From my perspective, these doctors might be more honorable than
those who prescribe legal but addictive prescription drugs from their
moneymaking pill mills. Too many of those prescription pills, by the
way, end up being resold on the street to addicts for big bucks. They
are legal, in a way, but far more dangerous than illegal marijuana.
Besides, legalizing medical marijuana on a national scale might
increase the quality of the substance. No longer will those with
medical reasons to use marijuana have to fear its source or purity.
And it might generate a number of businesses.
Consider that in the United States, a couple of public companies
already have formed to grow and sell marijuana and related products
after Colorado and Washington legalized it for recreational use.
You can buy shares of a company called Medical Marijuana Inc. for
around 20 cents a share. About 4 million shares a day are traded in
this tiny company.
But guess what? Canada is way ahead of the United States.

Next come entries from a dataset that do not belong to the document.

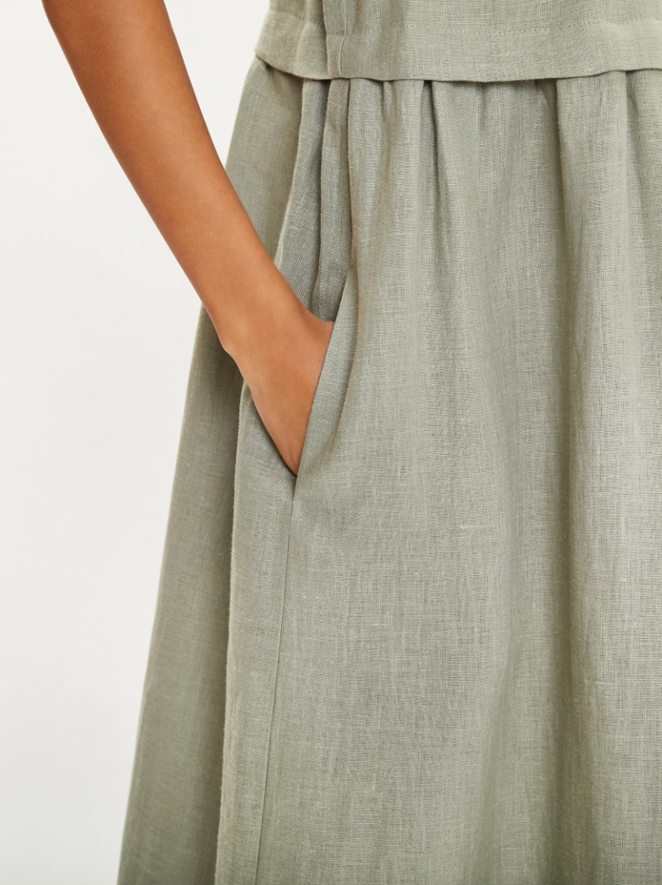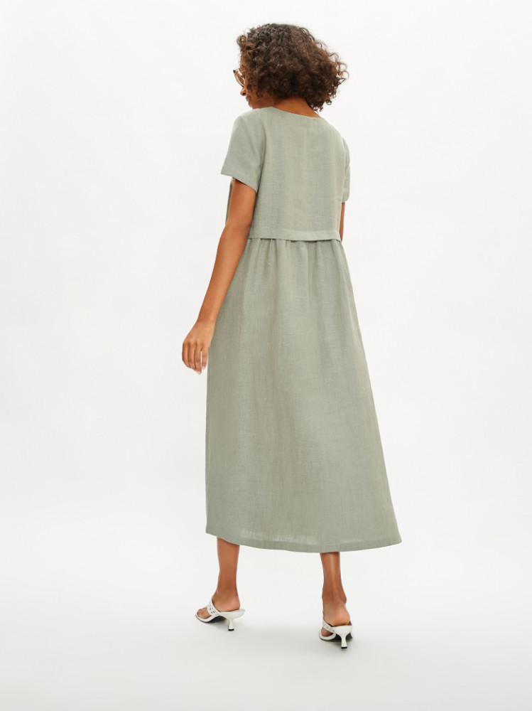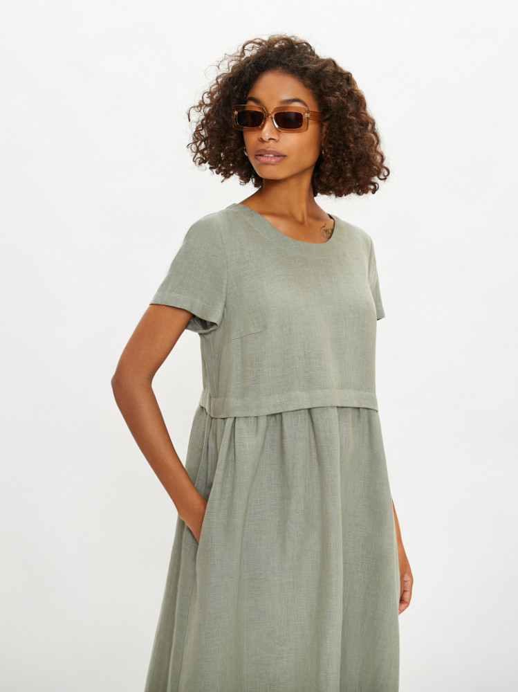 Длинное платье в стиле бохо из тонкой льняной ткани отражает актуальные тренды Лета-2025. Его продуманный крой сочетает комфорт и элегантность: зауженный прямой верх с лёгкими боковыми вытачками у груди обеспечивает аккуратную посадку, а пышная юбка не обтягивает фигуру, создавая свободу движений и комфорт в жаркую погоду. Слегка завышенная линия талии с кантом визуально стройнит и подчёркивает женственный силуэт. Глубокий круглый вырез гармонично дополняет классические втачные рукава короткой длины, а карманы в боковых швах делают модель практичной и удобной. Платье представлено в различных цветовых вариантах и идеально подойдёт для повседневной носки и отдыха, сочетая в себе лёгкость, стиль и функциональность.
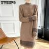 Lace Half Turtleneck Sweater Solid Color Loose Pullover for Women Casual Long-sleeved Knitted Dress for Autumn and Winter
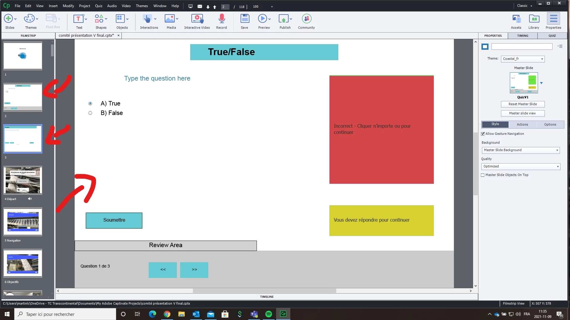 If I try and add a matching question slide and another question slide, it doesn't crash, but I cant view the matching question slide. If you look at the picture joined with this post, I have the Matching question slide selected on the left side of the screen, but I still have the True False question slide on the right side of the screen and it never changes. (I sometimes have a similar problem with result slides in other projects)
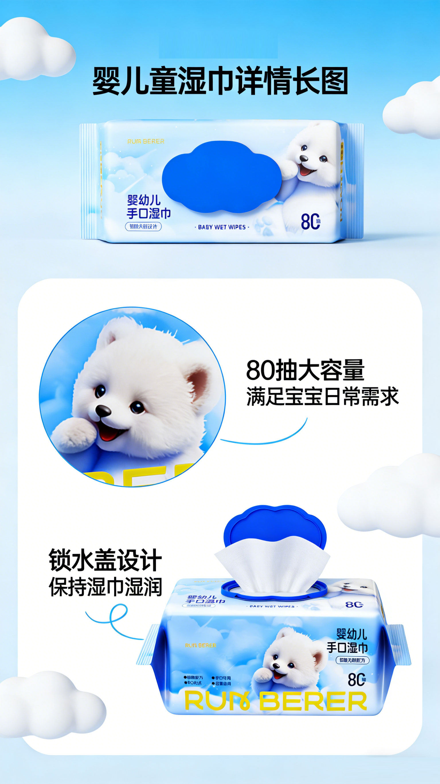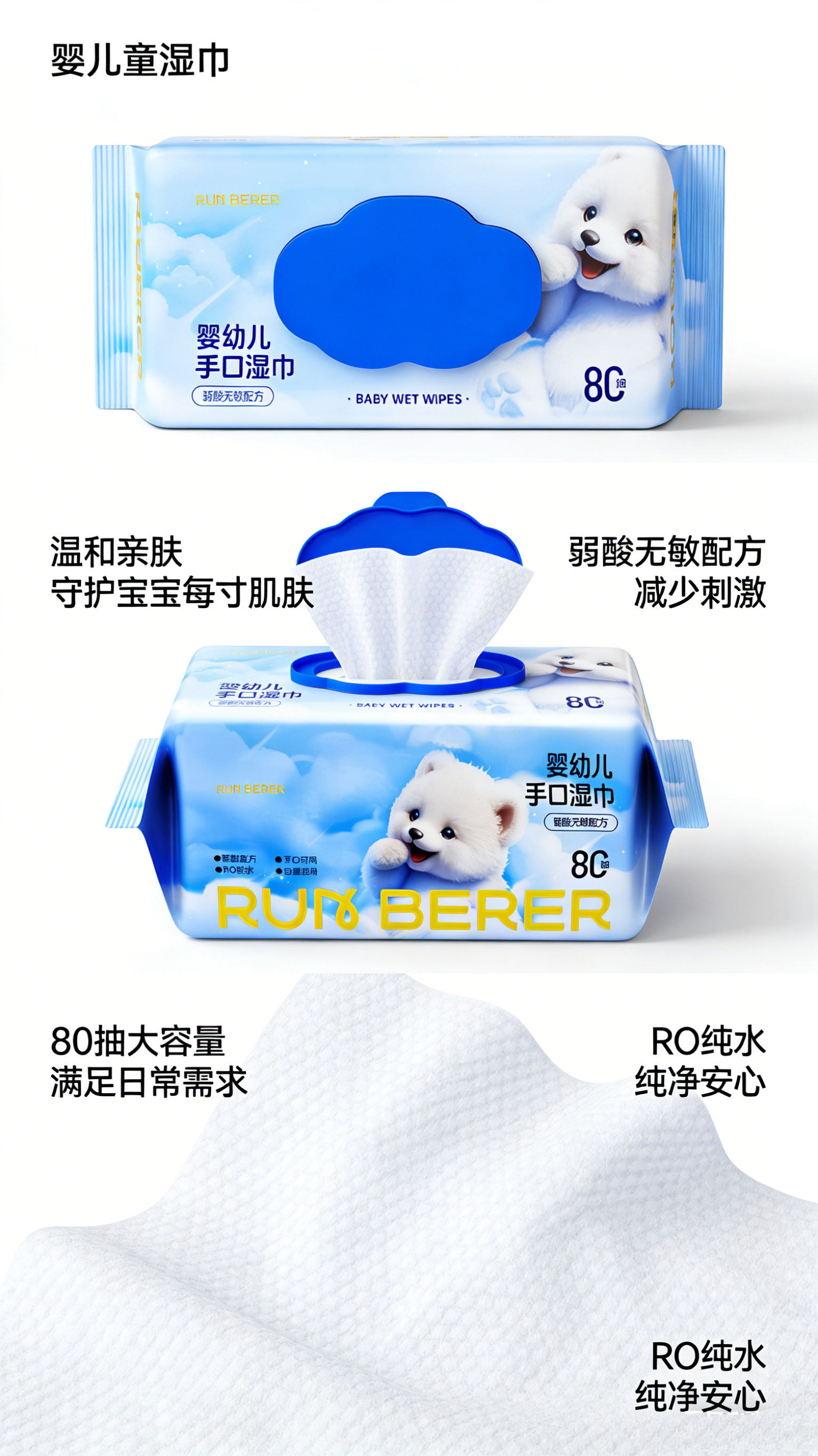 湿巾纸婴儿新生宝宝幼儿童手口屁专研厕纸用家庭实惠大包装箱80抽
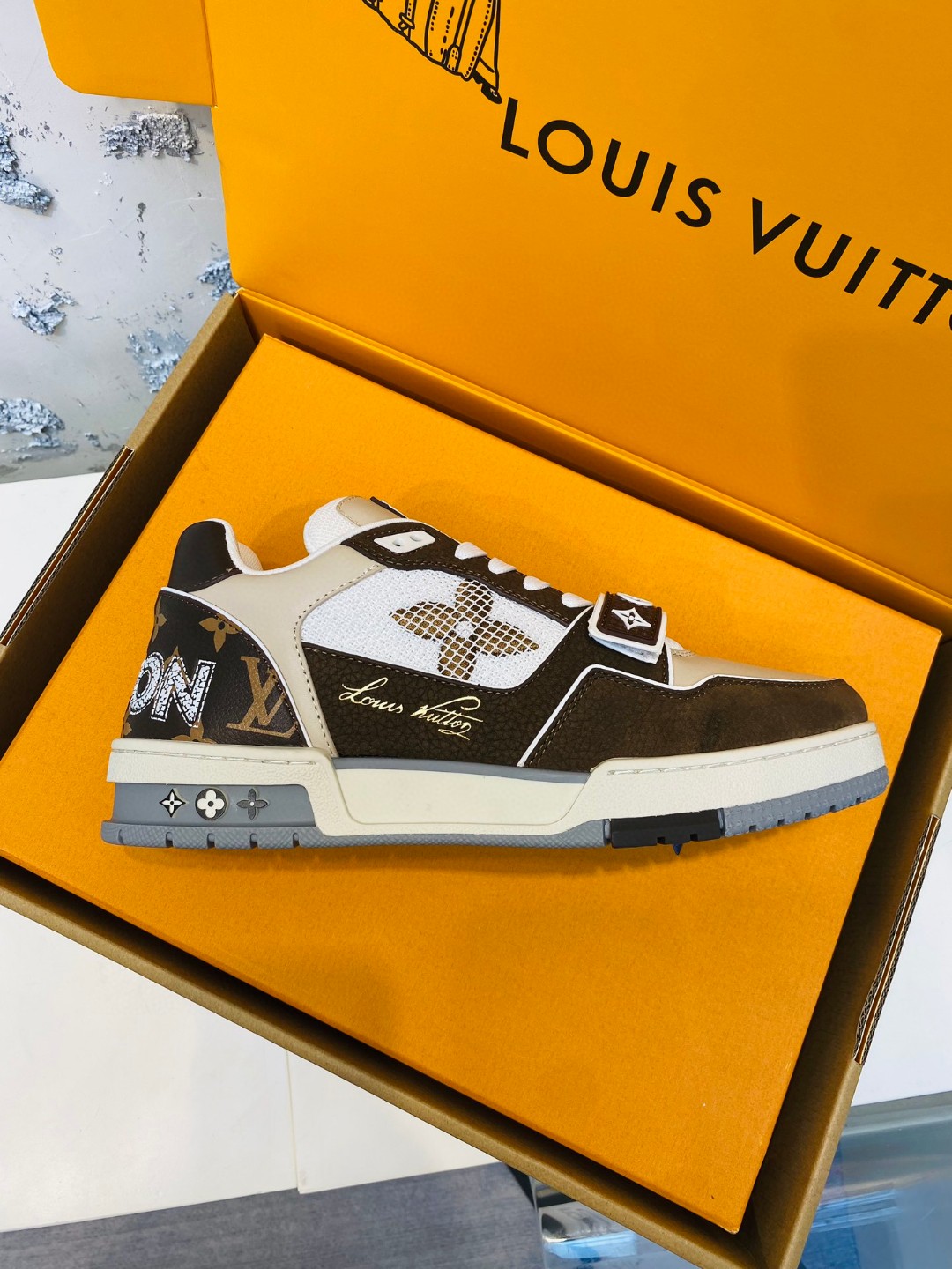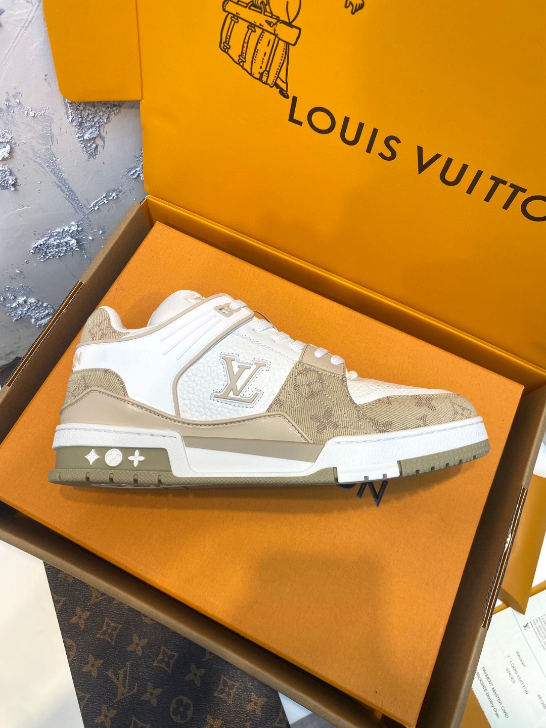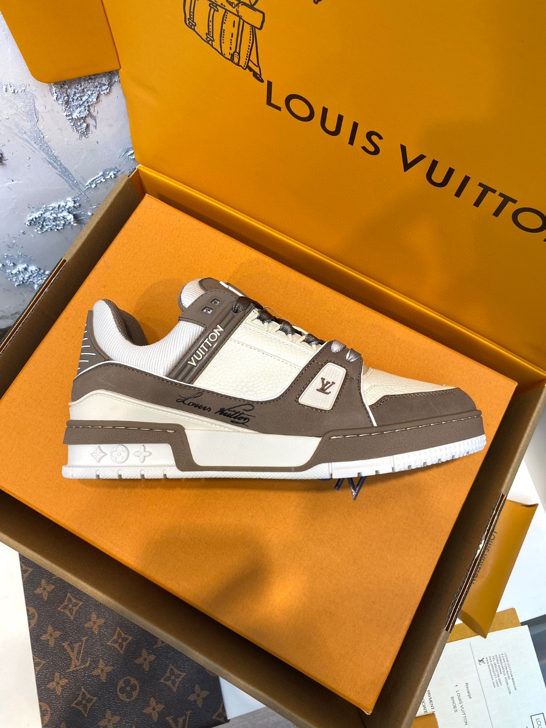 Louis Vuitton Trainer Sneakers Special Edition white brown
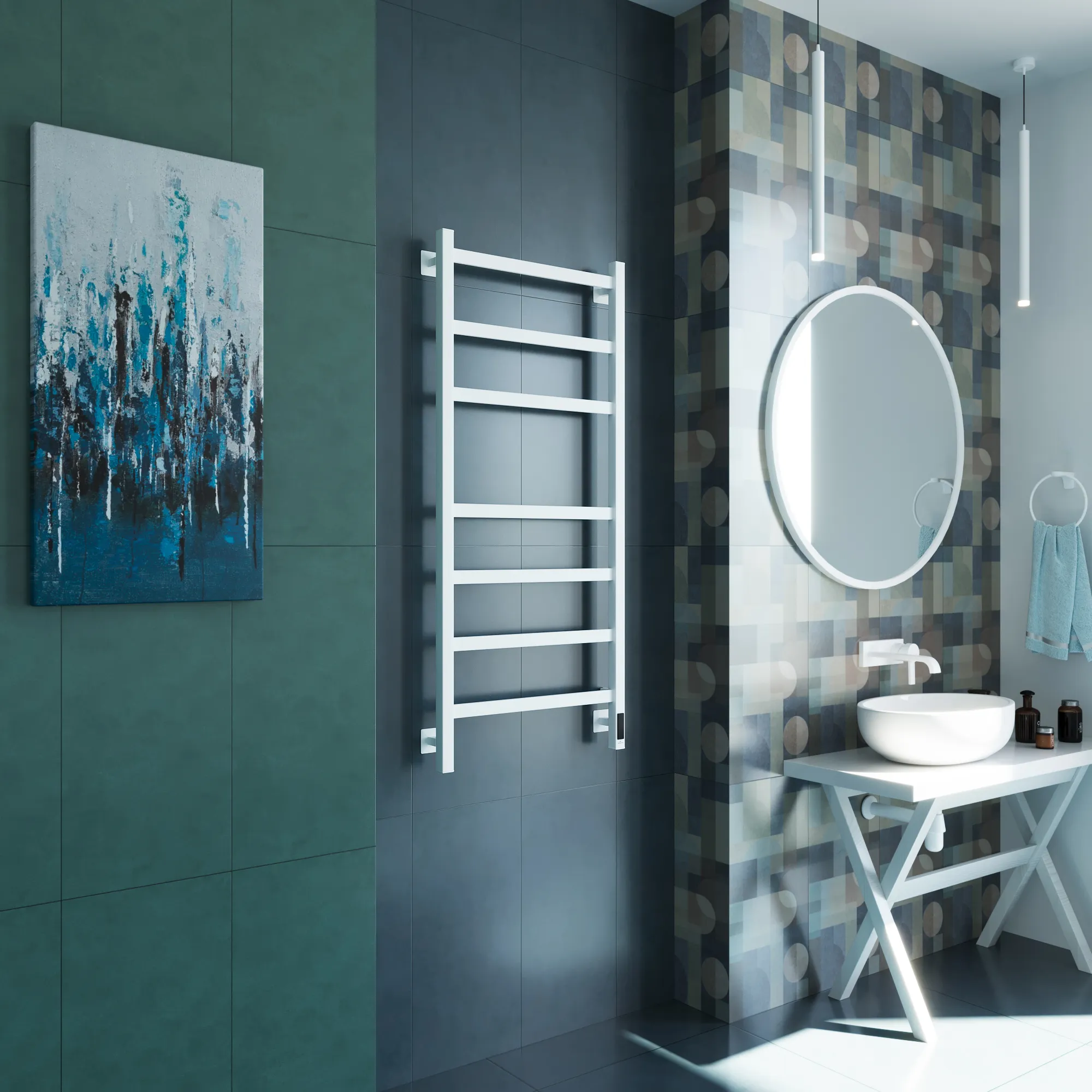 Универсальное подключение к сети дают возможность подключения полотенцесушителя и слева и справа. Скрытое подключение обеспечивает эстетичный внешний вид при котором нет видимых проводов. В комплекте так же есть кабель-вилка длиной 100 см для обычного подключения через розетку.

It is one of the few countries where medical marijuana is legal
nationwide. Licensed operators produce it, and more than 850
companies have been formed to mass-produce it, hoping to tap a market
expected to be worth more than $1.2 billion within 10 years.
Many of the private investment dollars in those Canadian companies
are coming from the United States.
It's high time the federal government saw the economic and common
sense in broadening the medicinal use of marijuana, considering 21
states already allow some form of that.